__Task instructions__:
Omit the pictures and return every entry exactly as written.

(Stored entries)
- - - - -

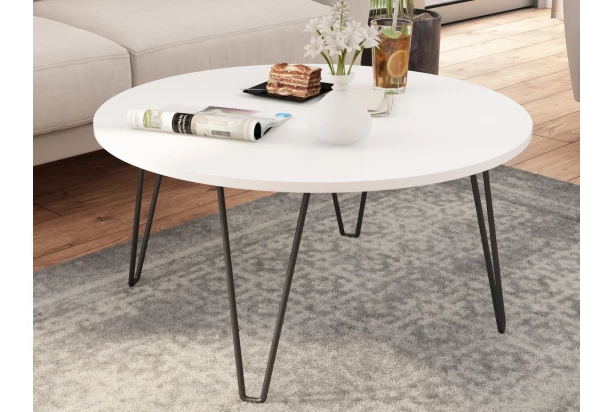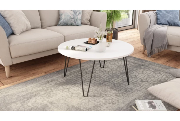 Kulatý konferenční stolek o průměru 80 cm je vyroben v bílém provedení a skvěle doplní stylově zařízený obývák. Černá kovová podnož je stabilní a zároveň působí vzdušně.
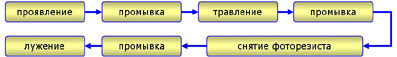 Проявка, удаление фоторезиста или лужение и струйная промывка.
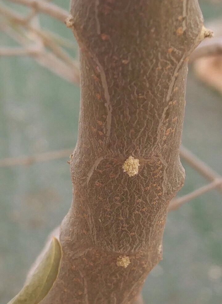 על הגזע יש שכבה חומה לבנה שנראית דומה למלח. על חלק מהעלים בחלקם האחרוי יש שכבה לבנה מתפוררת. בנוסף, יש נמלים שהקימו מושבה.
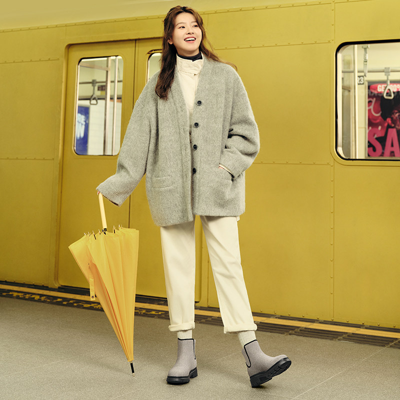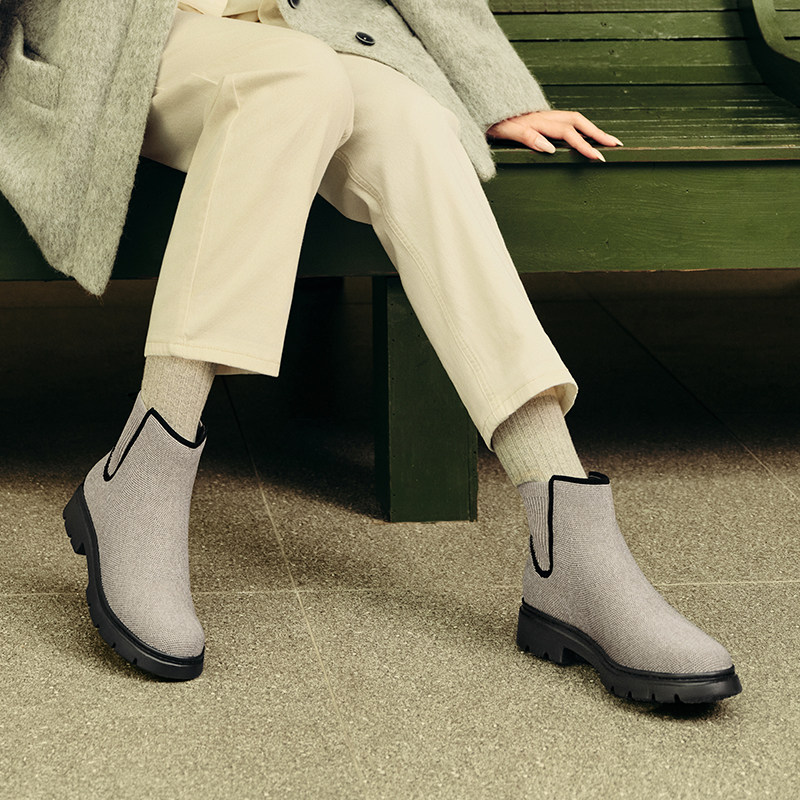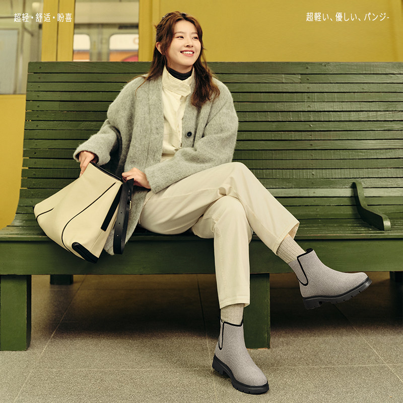 Pansy日本女鞋超轻舒适一脚蹬百搭坡跟飞织切尔西靴2025年新款
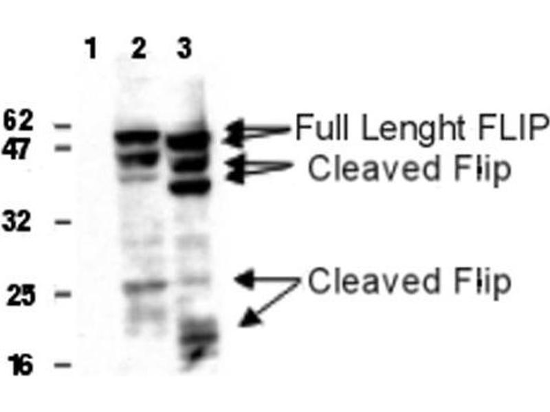 FLIP is an apoptosis regulator protein which functions as a crucial link between cell survival and cell death pathways in mammalian cells and acts as an inhibitor of TNFRSF6 mediated apoptosis. A proteolytic fragment (p43) is likely retained in the death-inducing signaling complex (DISC) thereby blocking further recruitment and processing of caspase-8 at the complex. Full length and shorter isoforms have been shown either to induce apoptosis or to reduce TNFRSF-triggered apoptosis. FLIP lacks enzymatic (caspase) activity. FLIP is highly expressed in skeletal muscle, pancreas, heart, kidney, placenta and peripheral blood leukocytes.
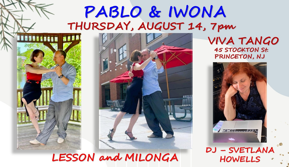 This Thursday will feature a lesson by Pablo and Iwona and a milonga hosted by Svetlana Howells.
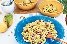 Gnocchetti Sardi mit Salami und Pistazien-Zitronen-Pesto
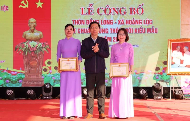 Tại buổi lễ, lãnh đạo xã Hoằng Lộc đã trao Bằng công nhận danh hiệu thôn NTM kiểu mẫu và tiền thưởng 30 triệu đồng cho Chi bộ và Nhân dân thôn Đồng Lòng.
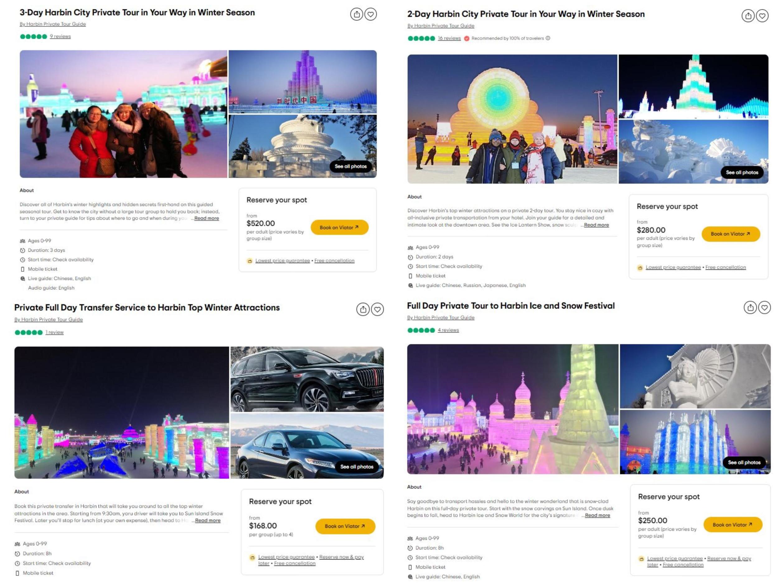 中新財(cái)經(jīng)查看Tripadvisor網(wǎng)站發(fā)現(xiàn),該平臺(tái)上有數(shù)十個(gè)關(guān)于哈爾濱旅游的服務(wù)。其中,“哈爾濱市冬季私人三日游”每位成人收費(fèi)520美元起,“哈爾濱市冬季私人兩日游”每位成人收費(fèi)280美元起,這兩個(gè)服務(wù)的費(fèi)用不包括門票,包括私人導(dǎo)游服務(wù)、交通費(fèi)(私人汽車或公交車/出租車)、酒店接送;“哈爾濱冬季熱門景點(diǎn)私人全日接送”每團(tuán)收費(fèi)168美元起(最多4人),費(fèi)用不包括門票等,包括私人汽車、私人司機(jī)服務(wù)、燃油附加費(fèi)。

- - - - -

__Response to the exercise__:
 Kulatý konferenční stolek o průměru 80 cm je vyroben v bílém provedení a skvěle doplní stylově zařízený obývák. Černá kovová podnož je stabilní a zároveň působí vzdušně.
 Проявка, удаление фоторезиста или лужение и струйная промывка.
 על הגזע יש שכבה חומה לבנה שנראית דומה למלח. על חלק מהעלים בחלקם האחרוי יש שכבה לבנה מתפוררת. בנוסף, יש נמלים שהקימו מושבה.
 Pansy日本女鞋超轻舒适一脚蹬百搭坡跟飞织切尔西靴2025年新款
 FLIP is an apoptosis regulator protein which functions as a crucial link between cell survival and cell death pathways in mammalian cells and acts as an inhibitor of TNFRSF6 mediated apoptosis. A proteolytic fragment (p43) is likely retained in the death-inducing signaling complex (DISC) thereby blocking further recruitment and processing of caspase-8 at the complex. Full length and shorter isoforms have been shown either to induce apoptosis or to reduce TNFRSF-triggered apoptosis. FLIP lacks enzymatic (caspase) activity. FLIP is highly expressed in skeletal muscle, pancreas, heart, kidney, placenta and peripheral blood leukocytes.
 This Thursday will feature a lesson by Pablo and Iwona and a milonga hosted by Svetlana Howells.
 Gnocchetti Sardi mit Salami und Pistazien-Zitronen-Pesto
 Tại buổi lễ, lãnh đạo xã Hoằng Lộc đã trao Bằng công nhận danh hiệu thôn NTM kiểu mẫu và tiền thưởng 30 triệu đồng cho Chi bộ và Nhân dân thôn Đồng Lòng.
 中新財(cái)經(jīng)查看Tripadvisor網(wǎng)站發(fā)現(xiàn),該平臺(tái)上有數(shù)十個(gè)關(guān)于哈爾濱旅游的服務(wù)。其中,“哈爾濱市冬季私人三日游”每位成人收費(fèi)520美元起,“哈爾濱市冬季私人兩日游”每位成人收費(fèi)280美元起,這兩個(gè)服務(wù)的費(fèi)用不包括門票,包括私人導(dǎo)游服務(wù)、交通費(fèi)(私人汽車或公交車/出租車)、酒店接送;“哈爾濱冬季熱門景點(diǎn)私人全日接送”每團(tuán)收費(fèi)168美元起(最多4人),費(fèi)用不包括門票等,包括私人汽車、私人司機(jī)服務(wù)、燃油附加費(fèi)。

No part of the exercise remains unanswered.